**DIRECTIONS**
The response should consist only of the lines from the one with "В чашки раскладываем" to the end of the data below, copied exactly and without pictures.

**DATA SEGMENT**
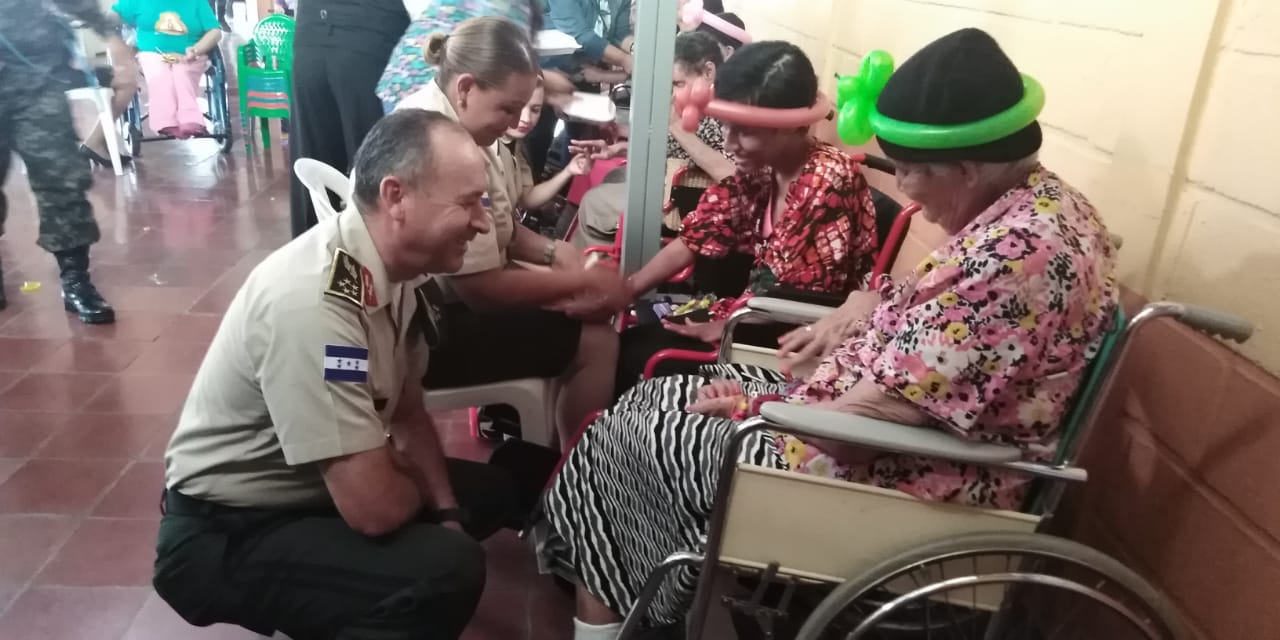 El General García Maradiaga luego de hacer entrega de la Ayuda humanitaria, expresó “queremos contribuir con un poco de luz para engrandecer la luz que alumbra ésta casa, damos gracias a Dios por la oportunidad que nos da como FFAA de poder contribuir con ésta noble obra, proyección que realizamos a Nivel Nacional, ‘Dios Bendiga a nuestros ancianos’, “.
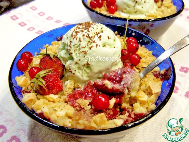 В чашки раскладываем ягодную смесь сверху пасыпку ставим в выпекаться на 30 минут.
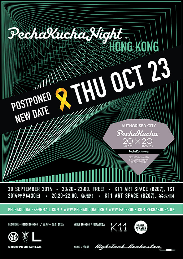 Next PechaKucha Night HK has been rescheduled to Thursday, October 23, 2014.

**SOLUTION TO THE PROBLEM**
 В чашки раскладываем ягодную смесь сверху пасыпку ставим в выпекаться на 30 минут.
 Next PechaKucha Night HK has been rescheduled to Thursday, October 23, 2014.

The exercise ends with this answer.